The absence of dominant signal energy in the left or right input for a specific band will result in the rear channel remaining mono in that band.
Virtually all other surround processors generate steering control signals by monitoring the levels between left/right and between front/surround. These control signals are then used to control the entire matrix for all four channels (left, right, front and surround). However, the Circle Surround system incorporates a circuit dedicated to generating the control voltages for the surround steering independent of the front channels for improved performance. The method of deriving directional information utilized by the Circle Surround system also allows for localizing simultaneous images in the surround speakers, such that predominant right mid band information will cause the mid band to steer to the right while the high band can be simultaneously steered to the left. The advantages derived due to the enhanced operation of the multiband scheme provided by Circle Surround provides the perception that there are two virtually discrete channels in the rear.ain
All Circle Surround systems currently available provide a three band system in the rear, with at least two bands (mid and high) steered. Future systems may provide greater rear channel resolution (i.e., a larger number of bands that are steered in the rear channels) to further enhance the performance of Circle Surround. A simplified block diagram of a typical 3-band Circle Surround Decoder is shown in Fig. 5.

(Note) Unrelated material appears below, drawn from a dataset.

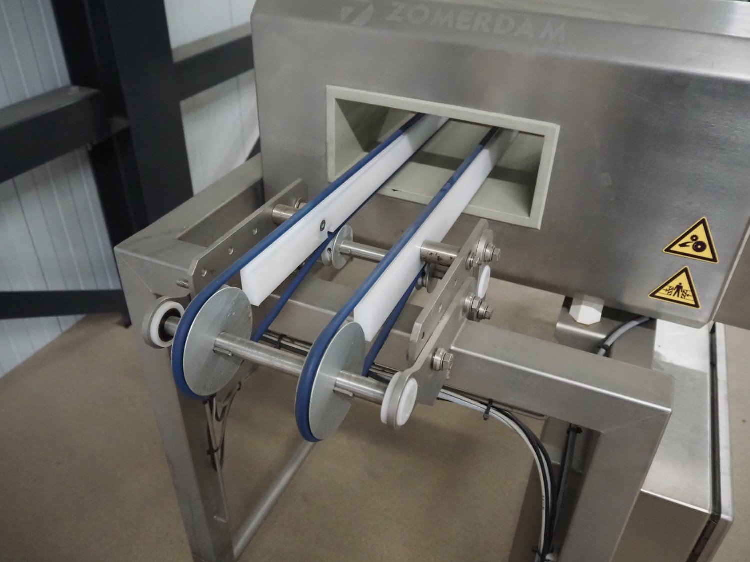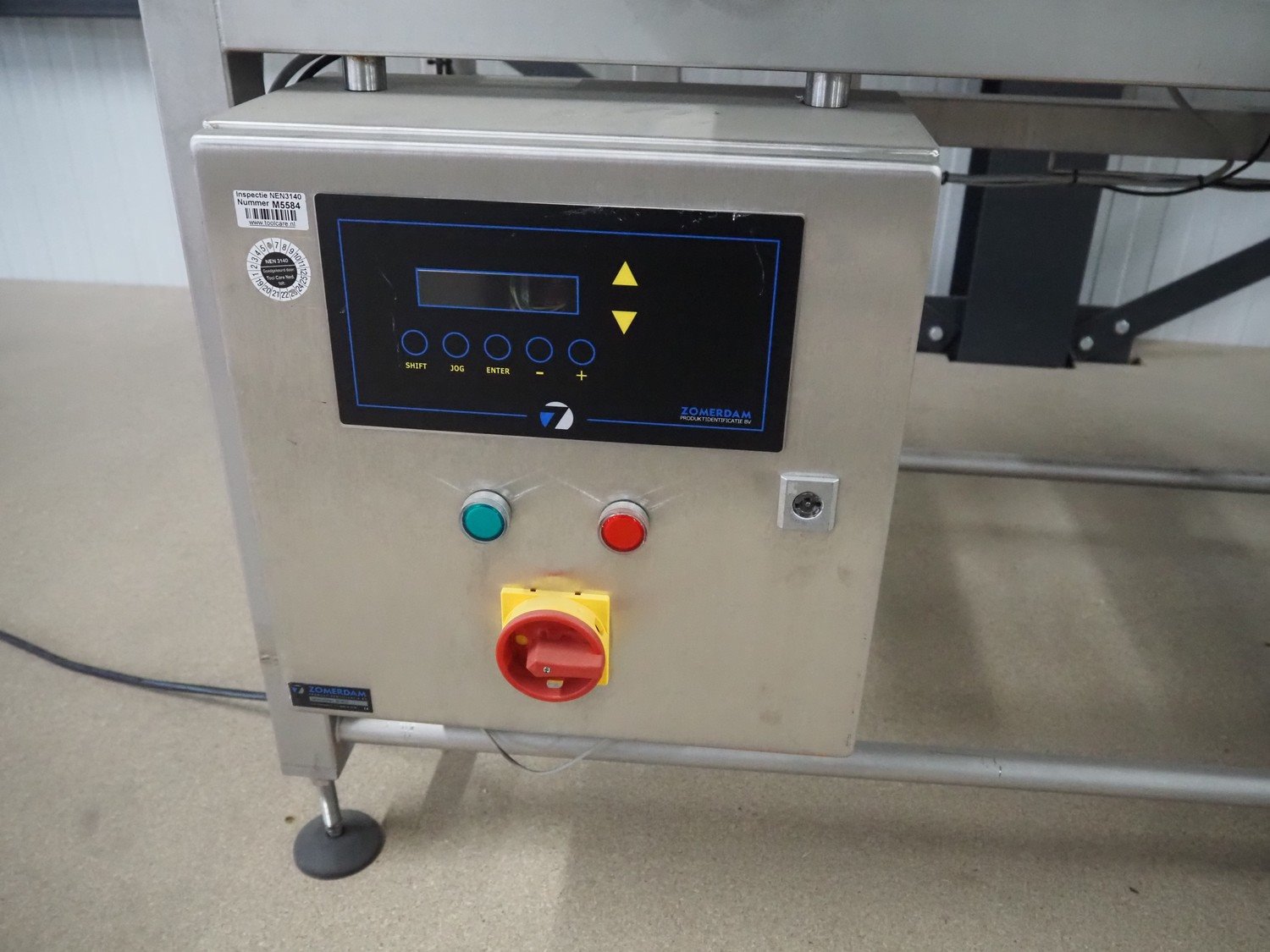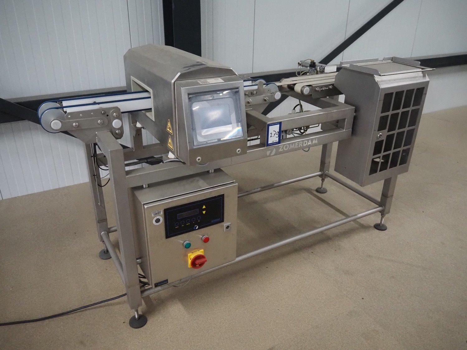 Zomerdam metal detector with rejector, type: MN 5.1 CI 250/100, serial number: 910816-CI, year of construction: 2009, 100/240 V, 50/60 Hz, 50/300 mA, string belt and plastic belt, belt width: 265 mm, clearance: 500 mm x 107 mm, total dimensions: 850 mm x 1850 mm x 1100 mm. Kavel locatie: Amfoor 6, 4421 SE Kapelle, Nederland

It is recommended that speakers of the same type be used for all channels, with equal power applied to all channels. It is also recommended that all speakers be located at an equal distance from the listener for this mode.
The 5.2.5 Decoding System
5.2.5 decoding is the latest improvement in Circle Surround technology. As previously stated, the patent-pending 5.2.5 system allows audio engineers to encode five discrete channels down to a 2-channel signal, then extract those five channels during the decode process and place specific sounds at any one of five or more predetermined locations as individual, independent sound sources.
Unlike a fully discrete digital system, signals can not be fed simultaneously into all five channels with full separation. However, if encoded as a dominant signal, a signal can be placed in any one of the five channels. The 5.2.5 system does have a distinct advantage over fully discrete digital systems in that it is backwardly compatible with all material produced with other matrix surround systems, as well as normal stereo material.

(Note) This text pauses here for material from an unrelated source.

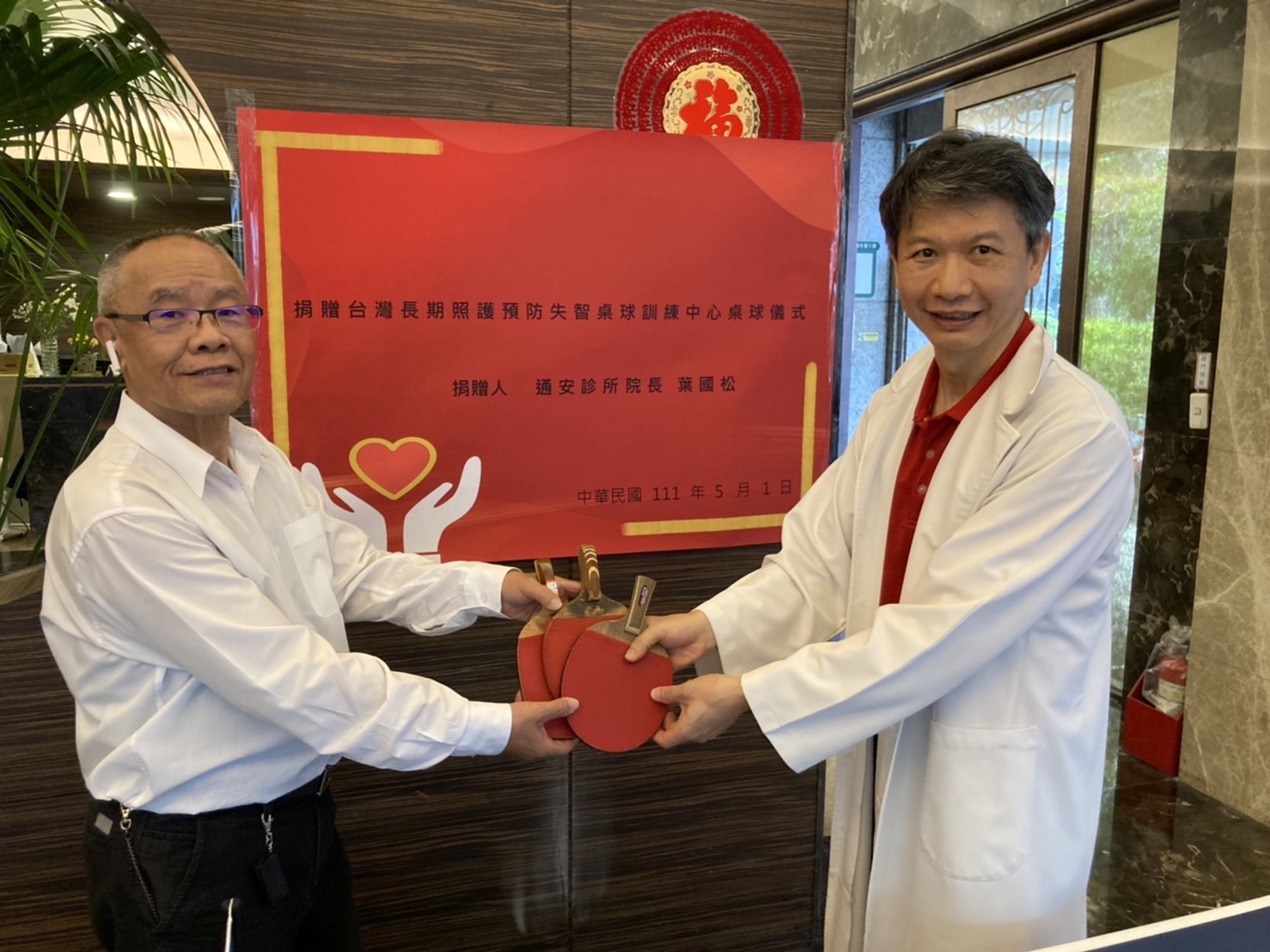▲練桌球可預防失智,熱心公益的葉國松醫師(右)成立社區桌球訓練中心。(圖/葉國松醫師提供)
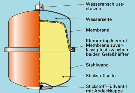Beim Aufheizen würde Heizungswasser über das Sicherheitsventil abfließen. Kühlt sich das Wasser wieder ab, „zieht“ es sich zusammen. Die Folge wäre ein Unterdruck, durch den über Stopfbuchsen und lösbare Verbindungen Luft in die Heizungsleitungen gesaugt würde. Und Luft in der Heizung ist ja bekanntlich schlecht. Es käme zu Gluckergeräuschen, Heizkörper würden nicht mehr warm und das Korrosionsrisiko wäre um ein Vielfaches größer. Letzteres nicht zuletzt deshalb, weil der Wasserverlust bei jedem Aufheizen ein Nachfüllen von sauerstoffhaltigem Trinkwasser erforderlich machen würde. Um diese Probleme gar nicht erst aufkommen zu lassen, wird in einem geschlossenen Warmwasser-Heizungssystem entsprechend der DIN EN 12828 [1] ein Membran-Ausdehnungsgefäß (MAG) eingebaut. Ein MAG ist ein Behälter, der durch eine Membrane in zwei Bereiche, den Wasser- und den Gasraum, aufgeteilt ist. Der Gasraum ist mit einem Inertgas (z. B. Stickstoff) werkseitig mit 0,5 bar, 1,0 bar oder 1,5 bar Vordruck gefüllt. Vor Ort muss der Vordruck überprüft und wenn erforderlich auf den entsprechenden Wert einreguliert werden. Dieser Vordruck soll verhindern, dass bereits beim Füllen der

To see the full diagram please click on thumbnail.
Figure 6 discloses a simplified block diagram of the steering control generator for an implementation of the 5.2.5 decoding system which incorporates two steered bands for the surround channels.
Steering Control Generato
The Steering Control Generator monitors the audio in the input and, based on the encoded dominance signals, produces the control signals to steer the VCAs in the audio path so as to correctly position the audio signals in the soundfield. The Steering Control Generator shown in Figure 6 can be viewed as three basic sections: the upper section comprises the left/right high band surround steering control generator, the middle section comprises the left/right low band surround steering control generator, and the lower section comprises the front/back steering control generator. We will begin by examining the operation of the lower section (front/back steering) first.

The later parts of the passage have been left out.